● Raw data
╔══
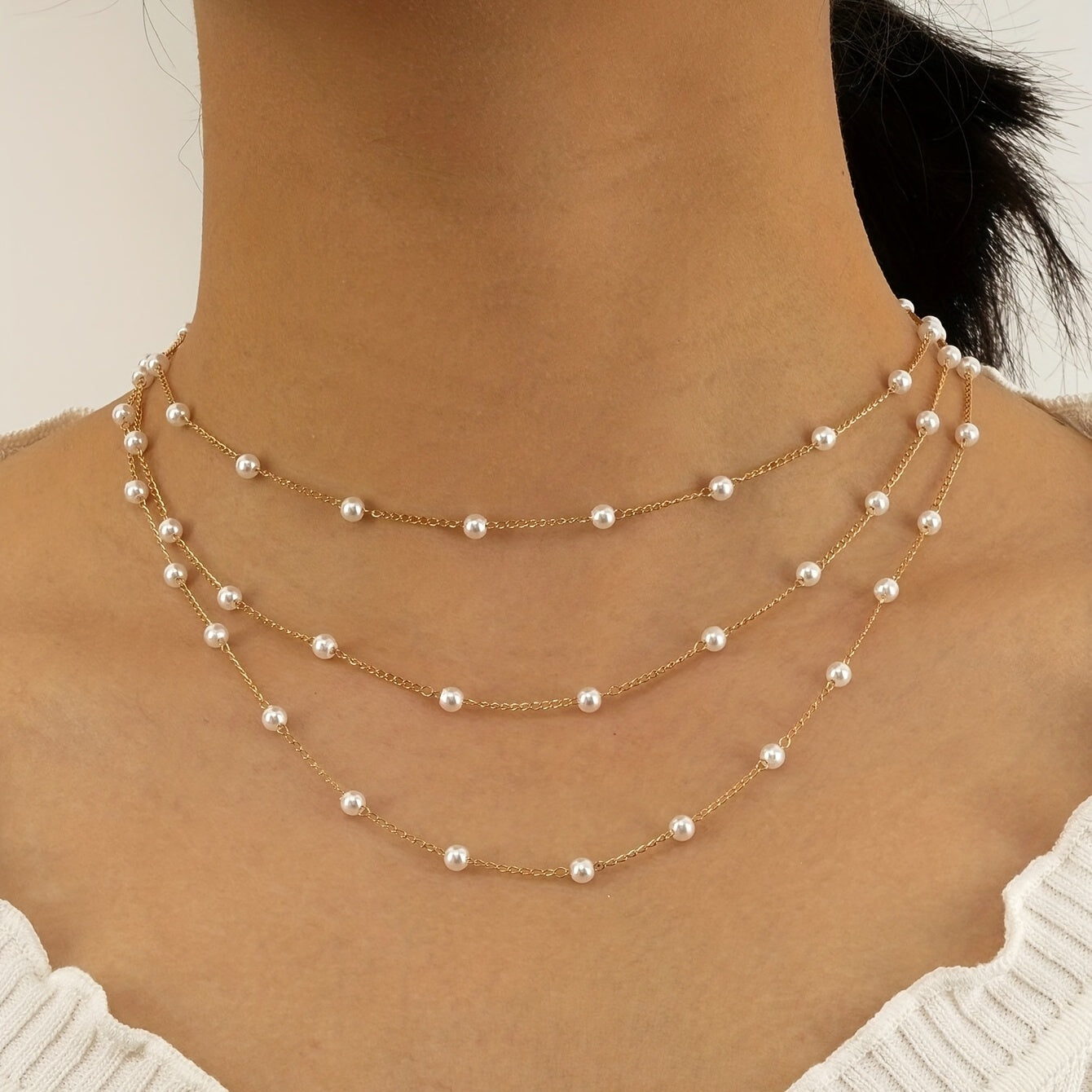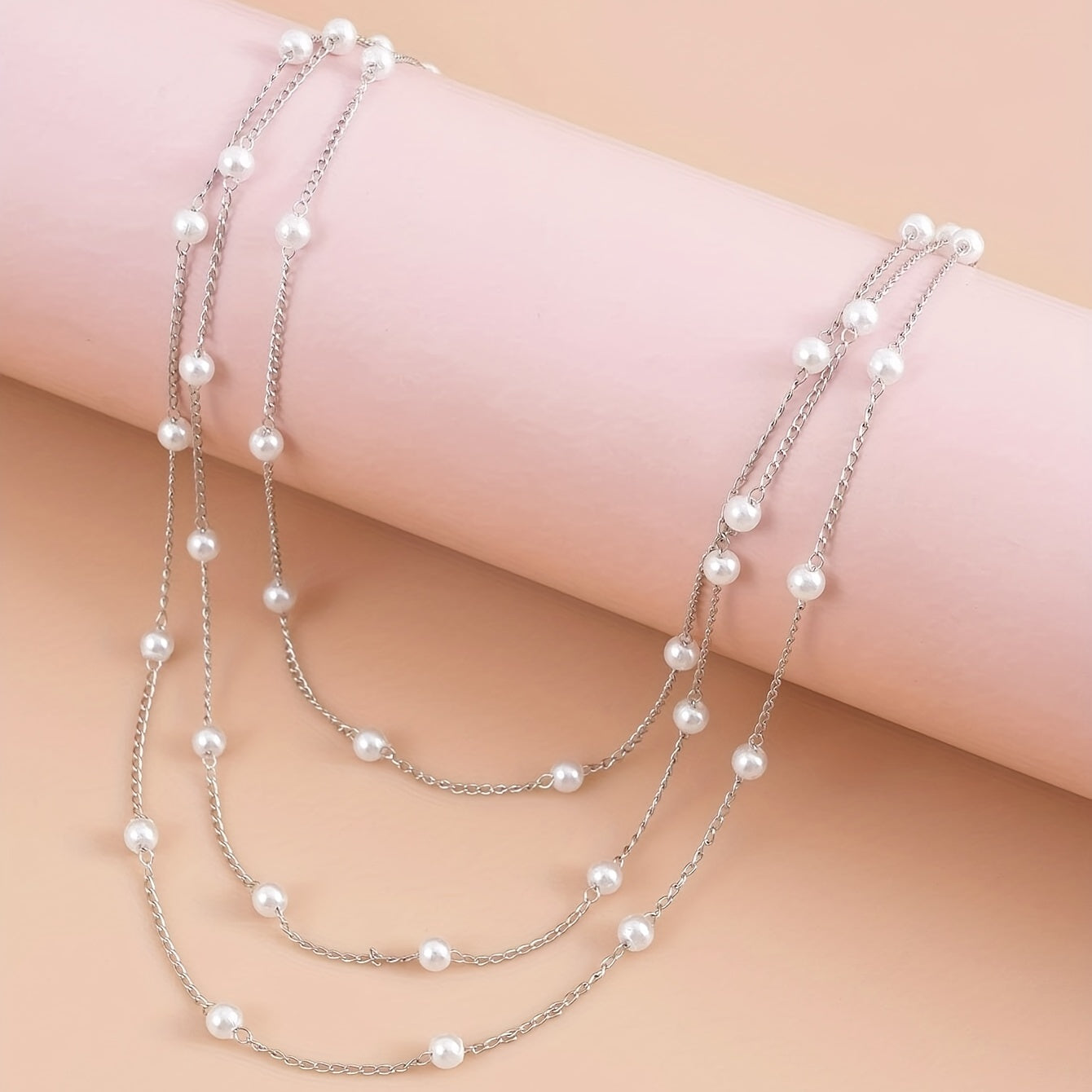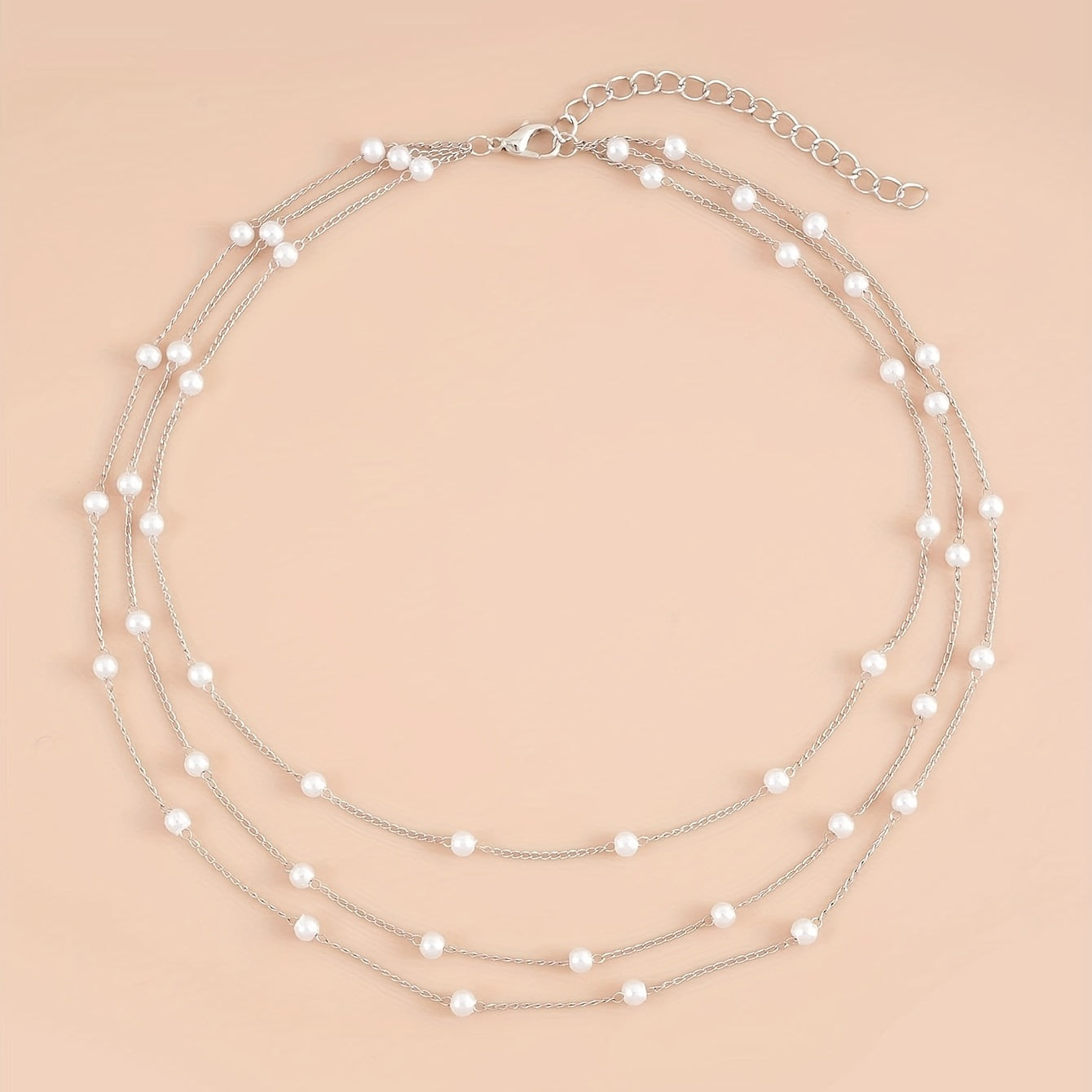• Multilayer faux pearl chain necklace
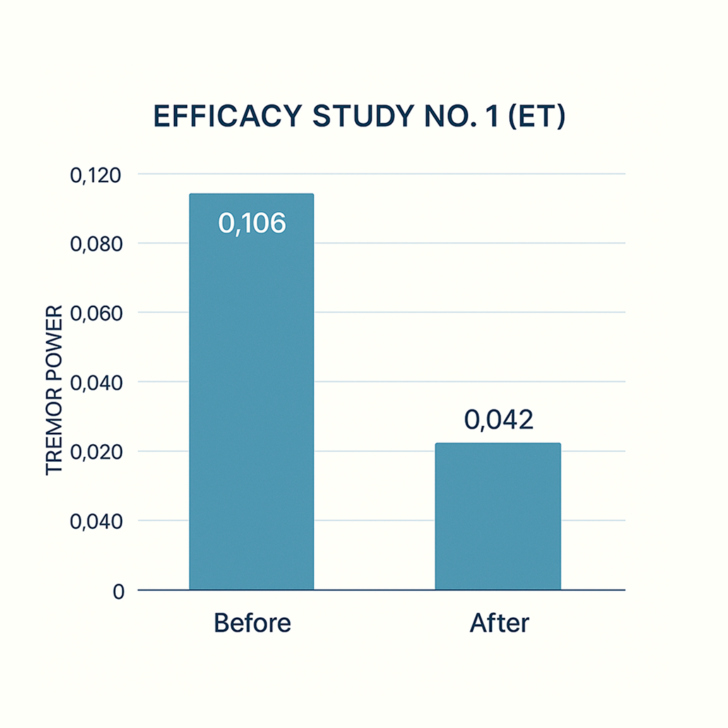 - ULTRE tyrimas (2025 m.) – dvigubai aklas, placebo kontroliuojamas kryžminio dizaino tyrimas, kuriame dalyvavo 47 esencialiniu tremoru sergantys asmenys, parodė, kad ant riešo dėvimas vibracinis prietaisas reikšmingai sumažino drebėjimą ir buvo gerai toleruojamas.
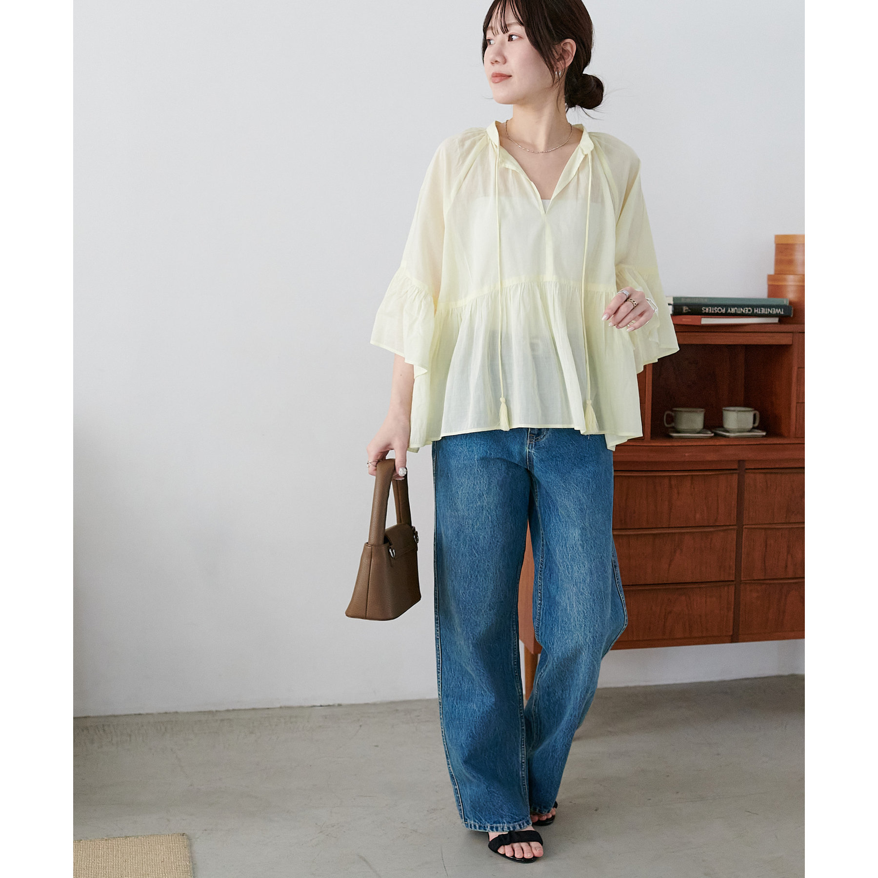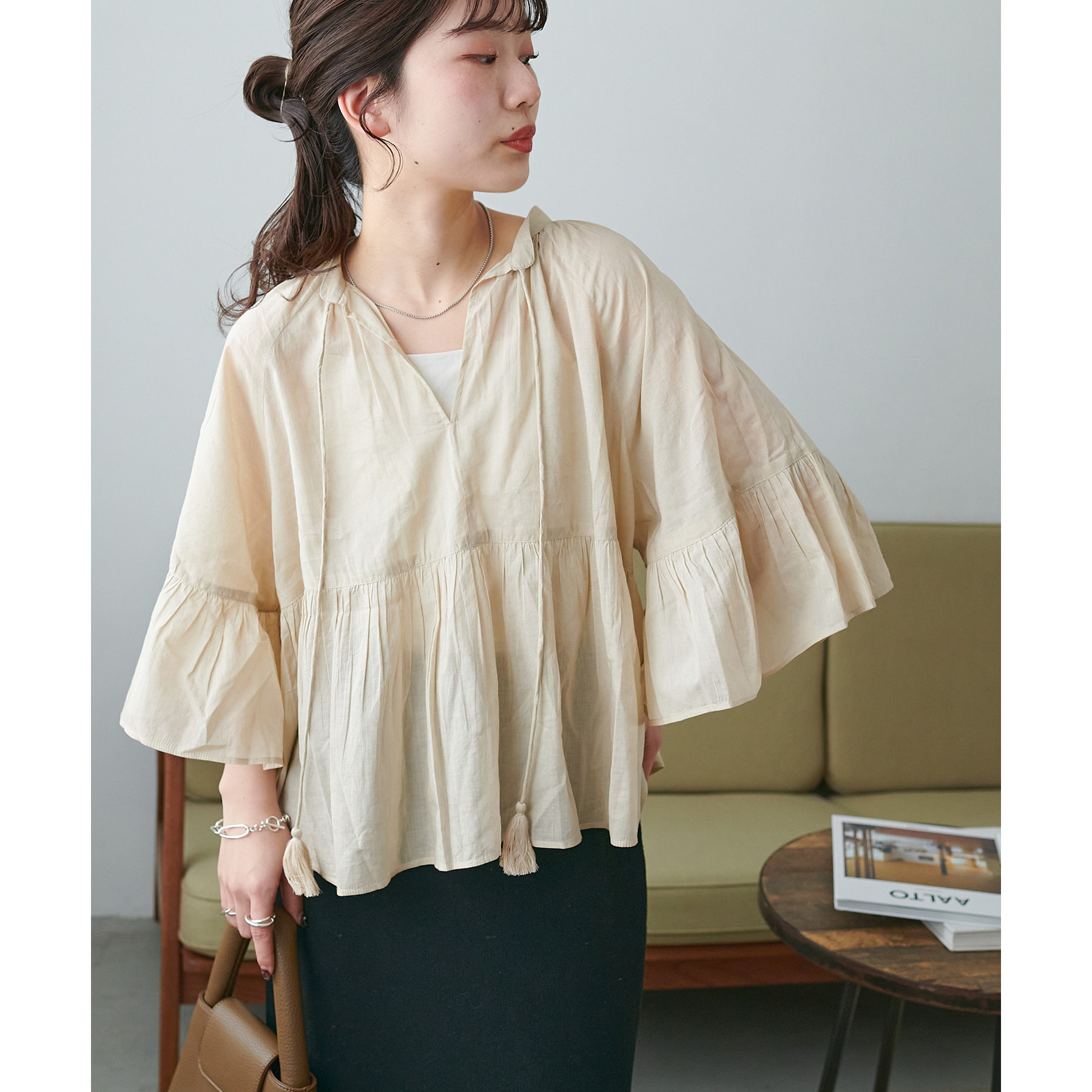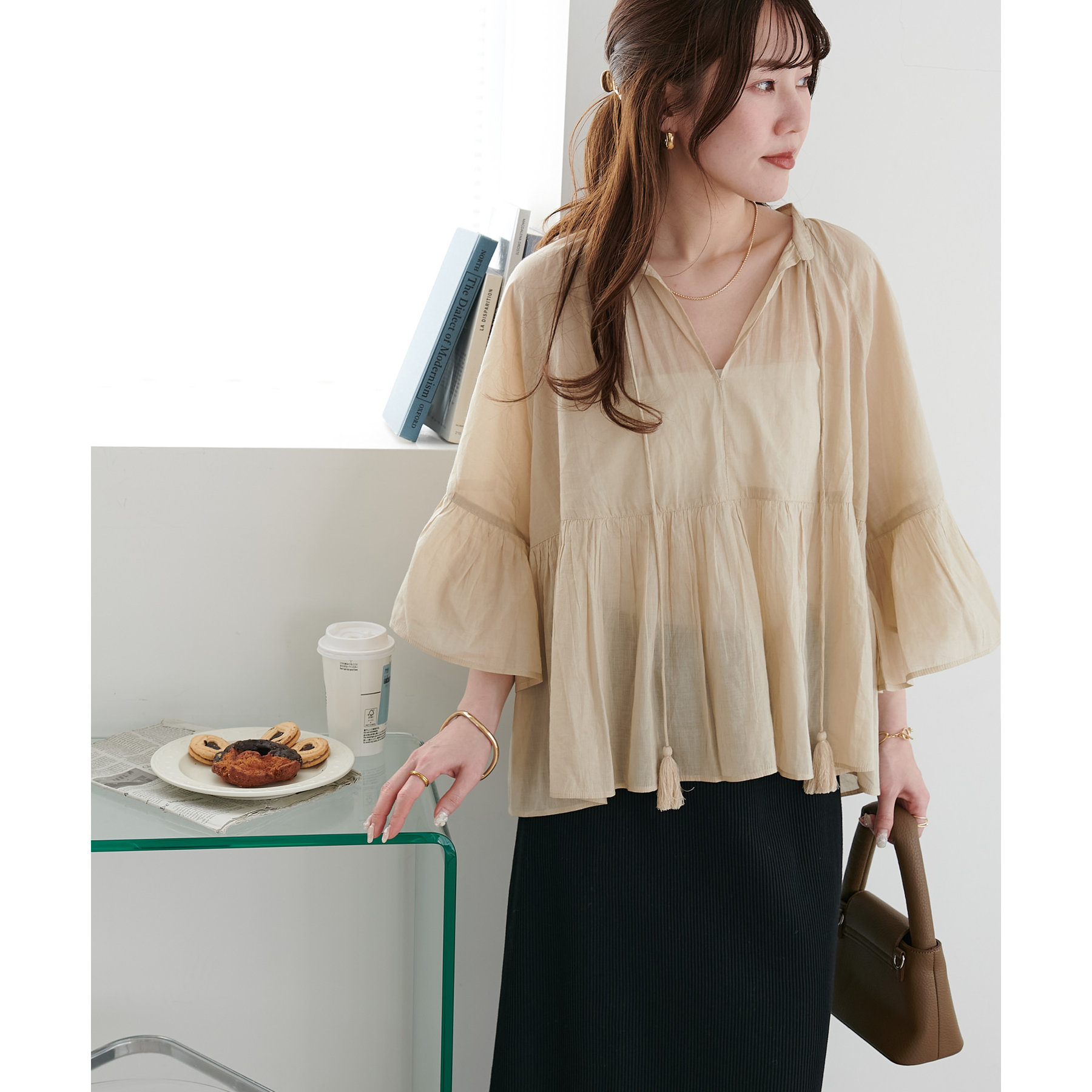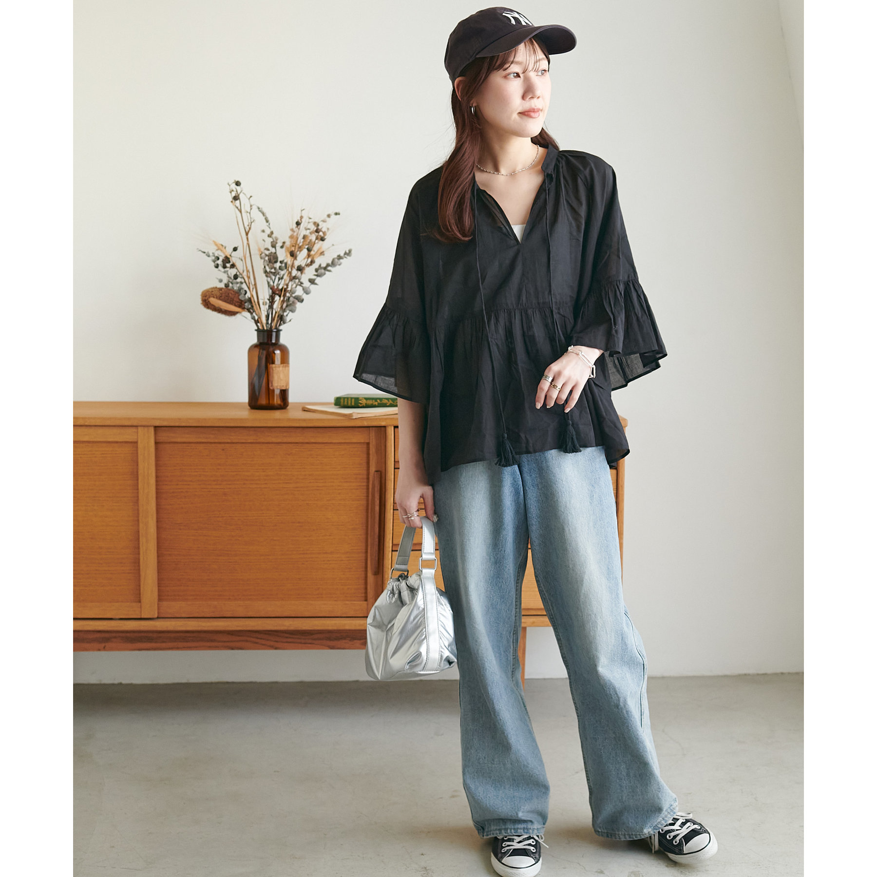 動くたびに揺れ感のあるデザインは軽やかな印象になり、春のトップスにぴったり◎
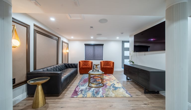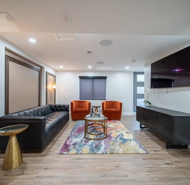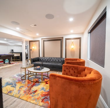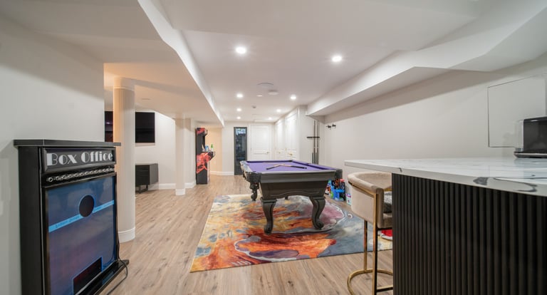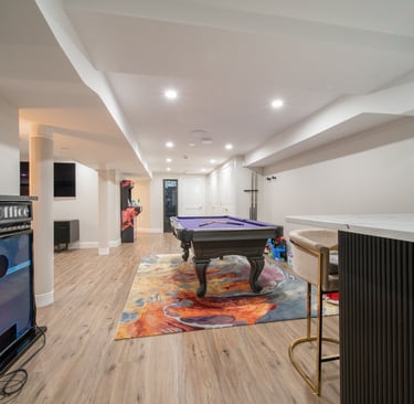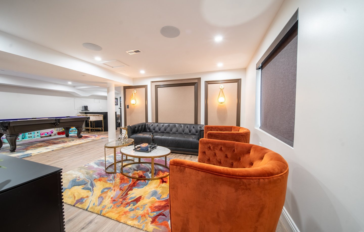 This lounge offers a sophisticated recreational space. A central pool table encourages social interaction, complemented by refined seating and ambient lighting. The design emphasizes comfort and elegance.
╚══
● Problem
Take the listing above and retype it exactly. Its pictures are to be omitted.

● Exercise result
• Multilayer faux pearl chain necklace
 - ULTRE tyrimas (2025 m.) – dvigubai aklas, placebo kontroliuojamas kryžminio dizaino tyrimas, kuriame dalyvavo 47 esencialiniu tremoru sergantys asmenys, parodė, kad ant riešo dėvimas vibracinis prietaisas reikšmingai sumažino drebėjimą ir buvo gerai toleruojamas.
 動くたびに揺れ感のあるデザインは軽やかな印象になり、春のトップスにぴったり◎
 This lounge offers a sophisticated recreational space. A central pool table encourages social interaction, complemented by refined seating and ambient lighting. The design emphasizes comfort and elegance.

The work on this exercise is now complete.